TASK ITEM:
Would you please restate the data exactly as it stands, apart from the pictures?

——————

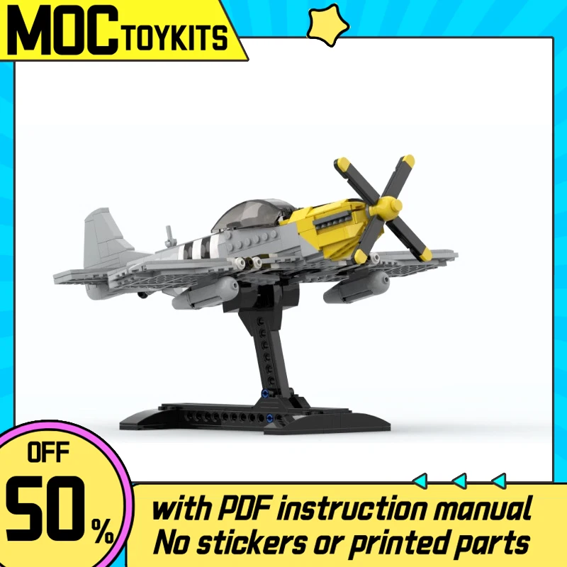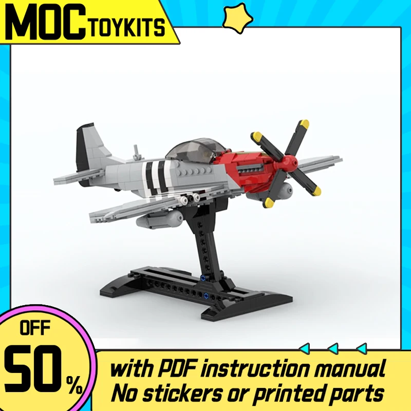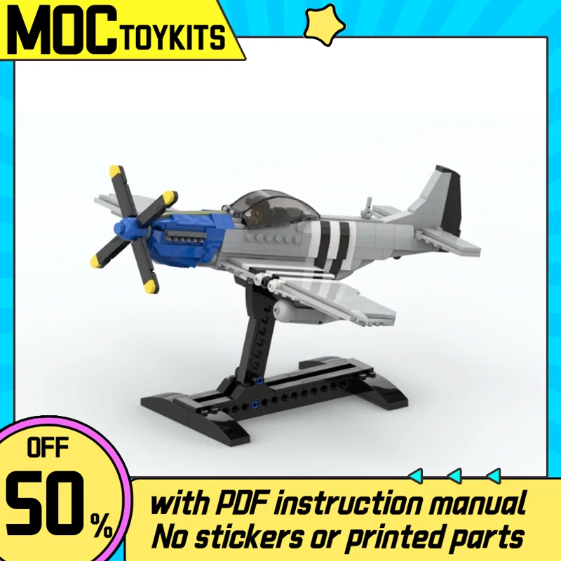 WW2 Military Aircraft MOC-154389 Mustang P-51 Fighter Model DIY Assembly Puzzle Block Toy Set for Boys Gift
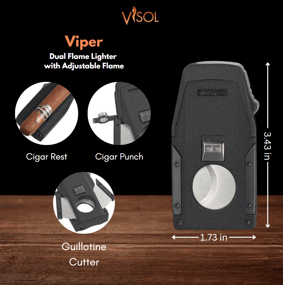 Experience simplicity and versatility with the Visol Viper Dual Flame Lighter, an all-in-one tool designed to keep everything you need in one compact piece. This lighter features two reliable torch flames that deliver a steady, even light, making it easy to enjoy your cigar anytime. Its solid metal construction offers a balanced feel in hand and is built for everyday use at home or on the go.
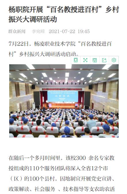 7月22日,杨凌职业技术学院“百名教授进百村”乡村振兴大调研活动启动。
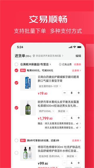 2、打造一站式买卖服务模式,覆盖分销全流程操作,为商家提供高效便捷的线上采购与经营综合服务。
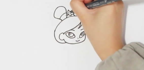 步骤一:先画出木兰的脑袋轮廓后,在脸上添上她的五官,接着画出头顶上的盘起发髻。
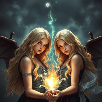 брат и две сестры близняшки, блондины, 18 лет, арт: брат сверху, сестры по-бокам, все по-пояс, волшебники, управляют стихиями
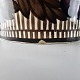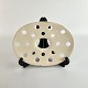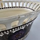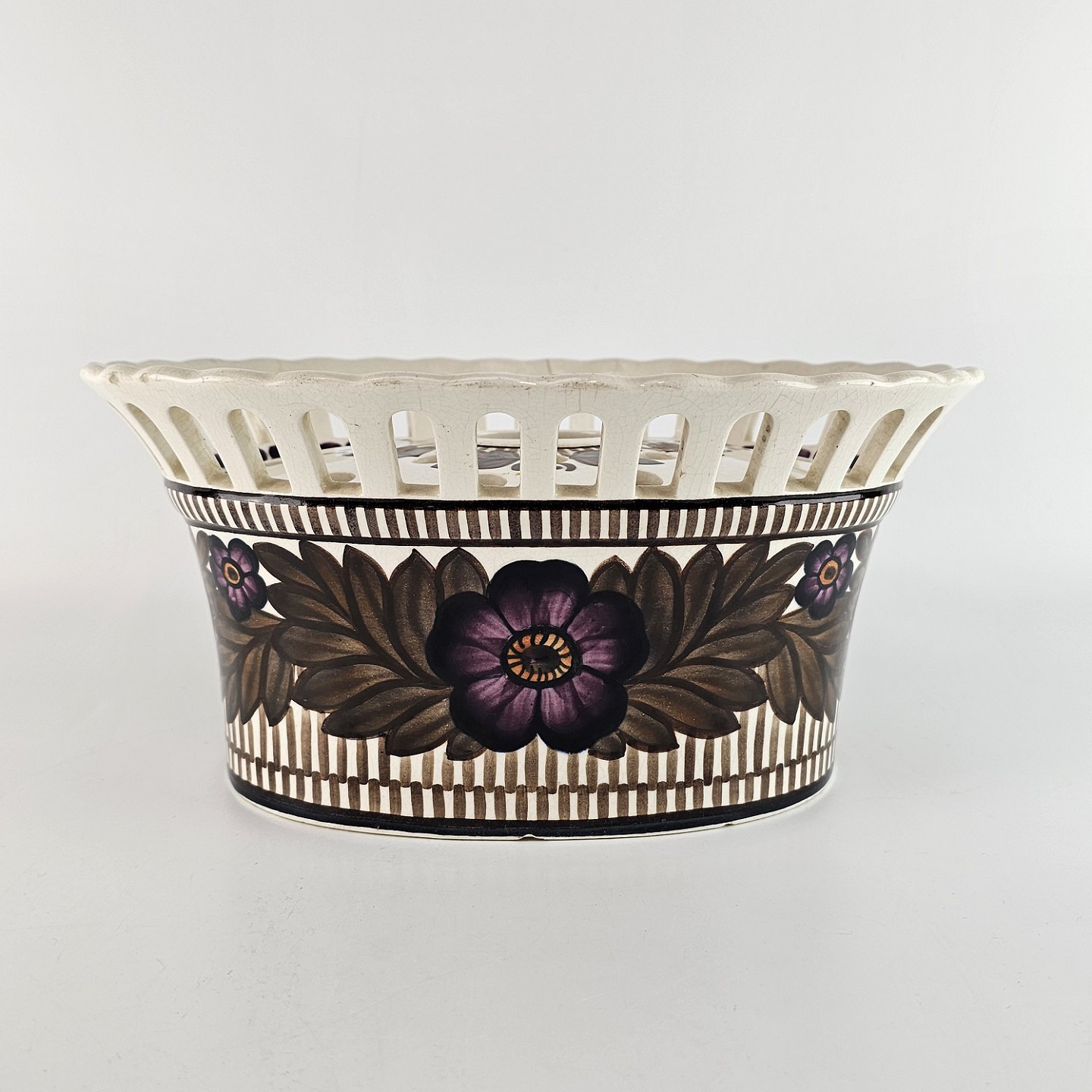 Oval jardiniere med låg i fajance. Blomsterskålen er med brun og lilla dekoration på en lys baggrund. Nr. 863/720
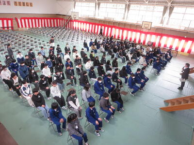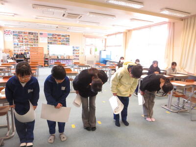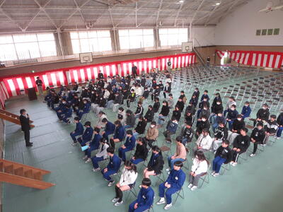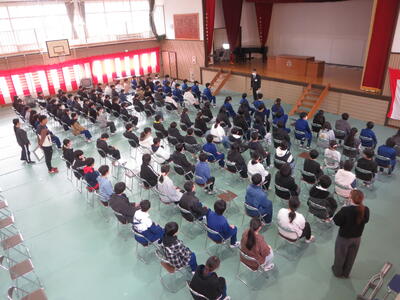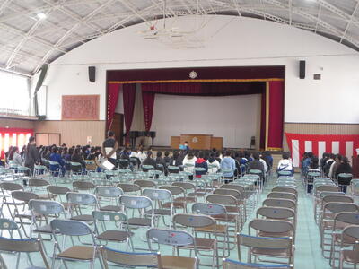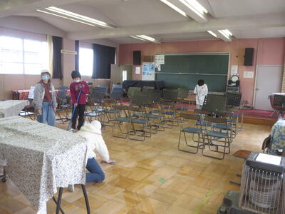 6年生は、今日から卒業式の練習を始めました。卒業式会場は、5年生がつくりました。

——————

WORKED SOLUTION:
 WW2 Military Aircraft MOC-154389 Mustang P-51 Fighter Model DIY Assembly Puzzle Block Toy Set for Boys Gift
 Experience simplicity and versatility with the Visol Viper Dual Flame Lighter, an all-in-one tool designed to keep everything you need in one compact piece. This lighter features two reliable torch flames that deliver a steady, even light, making it easy to enjoy your cigar anytime. Its solid metal construction offers a balanced feel in hand and is built for everyday use at home or on the go.
 7月22日,杨凌职业技术学院“百名教授进百村”乡村振兴大调研活动启动。
 2、打造一站式买卖服务模式,覆盖分销全流程操作,为商家提供高效便捷的线上采购与经营综合服务。
 步骤一:先画出木兰的脑袋轮廓后,在脸上添上她的五官,接着画出头顶上的盘起发髻。
 брат и две сестры близняшки, блондины, 18 лет, арт: брат сверху, сестры по-бокам, все по-пояс, волшебники, управляют стихиями
 Oval jardiniere med låg i fajance. Blomsterskålen er med brun og lilla dekoration på en lys baggrund. Nr. 863/720
 6年生は、今日から卒業式の練習を始めました。卒業式会場は、5年生がつくりました。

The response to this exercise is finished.